In defense of my hysterical drama queen reaction to this - - -
- I really hate birds.
- Since Daddy-O is out of town, he wouldn't be able to help me clean up Charlie's blood soaked fur.
- Charlie is already sending me over the edge because her neuroses are making double the work for me.
- The last few weeks of late night unpacking, insomnia and my night owl hours since Daddy-O went out of town have made me tired. When I get tired, I get a little emotional, a little dramatic, and sometimes, a little hysterical.
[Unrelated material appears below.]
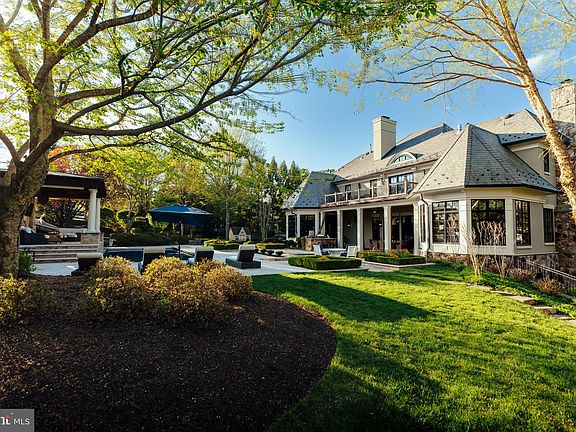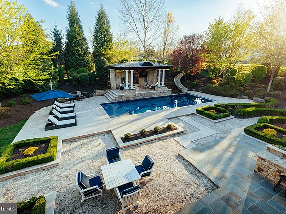 644 Deerfield Farm Court is a classically refined Great Falls oasis, meticulously reimagined with sophisticated craftsmanship and timeless elegance. Just under two acres with walkability to the Great Falls Village, that is hard to beat! Privately positioned on a tranquil cul de sac near Great Falls Village and River Bend Country Club, the home features over $2,000,000 in upgrades... handcrafted steel gates that open into your circular driveway, manicured landscaping, stucco and stone siding, copper gutters, and a slate roof. The resort style backyard showcases a saltwater pool, elevated veranda with portico, firepit, hot tub, and lush gardens of cherry blossoms and hydrangeas. Inside, grand double doors open to 9,000 sq. ft. of luxurious living. The chefs kitchen boasts custom cabinetry, marble countertops, SubZero and Wolf appliances, and a 7-ft wine refrigerator. Formal and family rooms with fireplaces flow seamlessly outdoors, while the sunroom doubles as a world class office. The upper level hosts a primary suite with a private balcony, sitting room, dual sided fireplace, walk in closets, and spa bath, plus 3 additional ensuite bedrooms and laundry. The lower level offers a custom mahogany bar, wine cellar with 200 year old refurbished door, media and game areas, gym, and guest suite (5th bedroom). Just blocks from Great Falls Elementary and a short walk to the Village Centre, this residence blends architectural mastery, resort-style amenities, and a premier location—redefining luxury living in Great Falls. Welcome home!

So, this bird hunting thing was just about more than I could take. About the third time I went scurrying back to the swingset because I couldn't watch what was happening and because Charlie was paying ZERO attention to my hysterical commands, I yelled at the top lungs . . .
F***!
My sister and my mom were laughing so hard that they could hardly control themselves. Their whole bodies were shaking. The two of them can cuss like sailors, so they always think it's funny when I cuss. In my obviously fragile state, they weren't quite sure how I'd react to them laughing, but they just couldn't keep it in. Lucky for them, I could almost see the humor in the whole thing pretty early on.
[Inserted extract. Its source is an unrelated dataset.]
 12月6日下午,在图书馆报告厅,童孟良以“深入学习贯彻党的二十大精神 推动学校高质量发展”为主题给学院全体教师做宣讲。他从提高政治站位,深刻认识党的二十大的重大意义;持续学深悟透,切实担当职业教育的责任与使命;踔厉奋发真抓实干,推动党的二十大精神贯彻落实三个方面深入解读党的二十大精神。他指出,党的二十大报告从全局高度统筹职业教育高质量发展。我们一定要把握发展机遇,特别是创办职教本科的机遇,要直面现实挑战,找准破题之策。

Meanwhile, Cousin and Sweet Pea (who loves birds beyond belief) are just staring at the whole thing with their mouths open.
Finally, my mom grabbed the leash from me and managed to clip it onto Charlie and drag her away.
I'll tell you, this is mother's love. She hates birds more than anyone I know. She's the oldest of four girls and her sisters will tell you she was kind of mean. The only thing they could do to get even with her when they were young was to chase her around with dead birds. A few years ago, a bird got inside of her car somehow while she was out of town and she made my stepdad drive an hour and a half to come get it out. You never would have known it though. She just marched over and took charge.
It's about this time that I realize that I have been yelling at the TOP OF MY LUNGS. Not just yelling, but yelling F*** at the TOP OF MY LUNGS. In front of the neighbors . . . oh god. Okay, in front of my daughter and my three year old niece, too. But, in front of the neighbors. My sister helpfully pointed out that it might have sounded like I was beating the dog if you couldn't see what was going on.
Thank goodness Neighbor was gone when the whole thing happened. She came back about a half hour later and I fell all over myself telling her what happened. I wanted to get my side of the story out before she heard it from one of the other neighbors. I can only imagine them telling her how her new next door neighbor yells and screams and cusses at her dog at the top of her lungs. After a few times through, the story would start to get embellished and pretty soon the whole neighborhood would know me as the crazy new neighbor who beats my dog, cusses at my sweet mom, and keeps my sister locked up in the basement.
Again, am I in high school that I'm so obsessing about what people are thinking about me? Logically, I know that everyone has much better things to do. But, when I saw Neighbor's next door neighbors talking to her a little while later, I was pretty sure I could see them making the crazy sign and pointing in my direction. Plus, they were sitting on their deck which is kind of hidden behind Neighbor's deck, so I'm pretty sure they heard the whole thing.
Do you think I might just be so bored that I'm creating drama?
Tomorrow, I'll thrill you with my blinds open, blinds closed dilemma.